Die EU-Botschafter bei der Europäischen Union haben am Mittwoch den Vorfall in Polen erörtert, bei dem zwei Menschen in einem Dorf an der Grenze zur Ukraine durch einen mutmaßlichen Geschossangriff ums Leben gekommen sind. Sie betonten, dass die EU in dieser Zeit «geeint und entschlossen» bleiben müsse.
Das reguläre Treffen der Botschafter begann mit einem Dringlichkeitsthema über den Raketenangriff auf polnisches Territorium, wobei die Mitgliedsstaaten den Familien und Opfern ihr Beileid aussprachen, so die tschechische EU-Ratspräsidentschaft in einer Botschaft in den sozialen Medien.
Die Botschafter der Mitgliedsstaaten haben die vorläufigen Ergebnisse des Falles vom Europäischen Auswärtigen Dienst (EAD) und dem Nachrichten- und Lagezentrum der Europäischen Union (INTENC) erhalten, die jedoch weder die Herkunft des Geschosses noch die Urheberschaft des Manövers erklärt haben, so diplomatische Quellen gegenüber Europa Press.
Einige europäische Länder, wie die baltischen Staaten, machten zunächst Moskau für den Raketeneinschlag auf polnischem Gebiet verantwortlich, obwohl die Vereinigten Staaten es vermieden haben, die Verantwortung zu bestätigen. In Erklärungen aus Bali (Indonesien), wo der G20-Gipfel stattfindet, wies der Präsident der Vereinigten Staaten, Joe Biden, darauf hin, dass es «unwahrscheinlich» sei, dass das Projektil von Russland abgefeuert wurde, und sprach sich für den Abschluss der Untersuchung des Vorfalls aus.
Zu diesem Zweck hat die NATO für Mittwoch eine Dringlichkeitssitzung der verbündeten Botschafter einberufen, um den Vorfall in Polen zu untersuchen, bei dem in der Grenzstadt Przewodow zwei Menschen durch eine Explosion getötet wurden, die laut Medienberichten auf einen Raketenangriff zurückzuführen ist.

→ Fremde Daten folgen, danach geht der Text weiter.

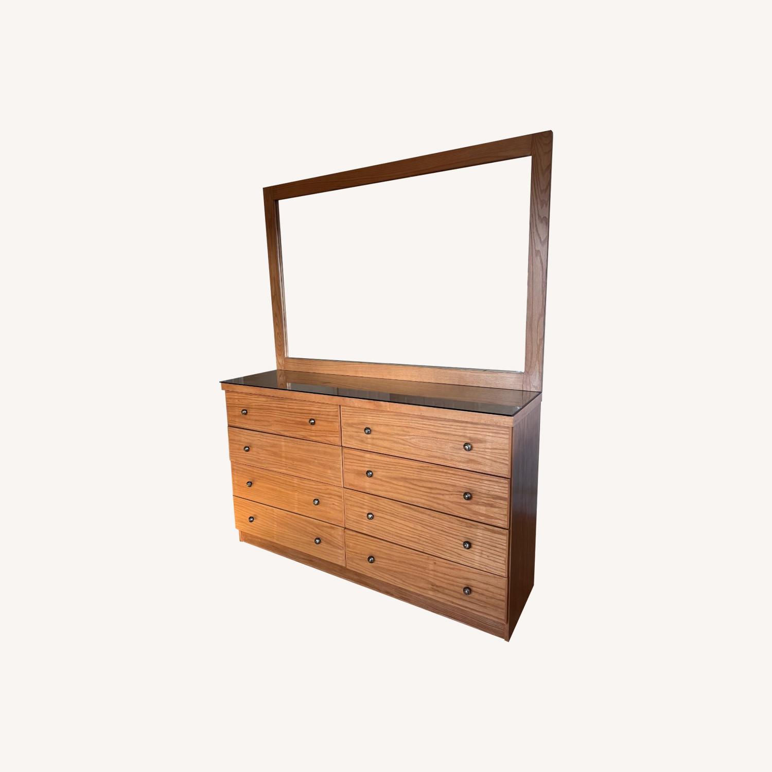 Seller's Notes:This is a solid wood dresser custom made in Egypt. It has well functioning channels for the drawers and a large mirror. With 8 drawers comes a lot of storage space. The drawer bases are made of boards and can handle heavy storage as well.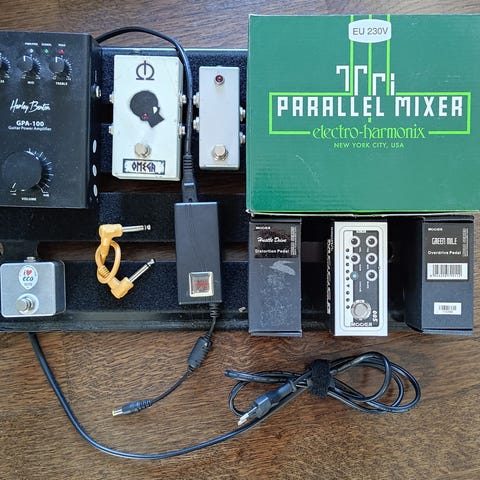Vintagedoftande rigg. Solid state 60 W, utmärkt pedalplattform. Smidig Crate stereolåda på 120 W med deras egna take på V30.

EU STEHT «FEST UND GEEINT».
Auf jeden Fall sprachen die Vertreter der EU-27 während des Treffens in dieselbe Richtung, um eine Botschaft der Vorsicht auszusenden, während sie auf die Klärung des Ursprungs der Explosion warten, bei der zwei polnische Bürger getötet wurden.
Die Botschafter betonten die Notwendigkeit einer «entschlossenen und geeinten» Reaktion der EU auf diese Situation sowie einer Verurteilung der massiven Angriffe, die Russland in den letzten Stunden auf ukrainische Städte verübt hat, so die Quellen weiter.
Zu diesem Zweck arbeitet die EU bereits an einer gemeinsamen Erklärung der EU-27, um die russische Aggression gegen das Nachbarland und die jüngste Offensive gegen ukrainische Städte, zu der auch der Vorfall in Polen gehört, zu verurteilen.
Europäische Quellen erklärten gegenüber Europa Press, dass die europäische Diplomatie auf eine vollständige Bewertung des Vorfalls in der Grenzstadt Przewodow warte, der am Dienstag die Alarmglocken schrillen ließ.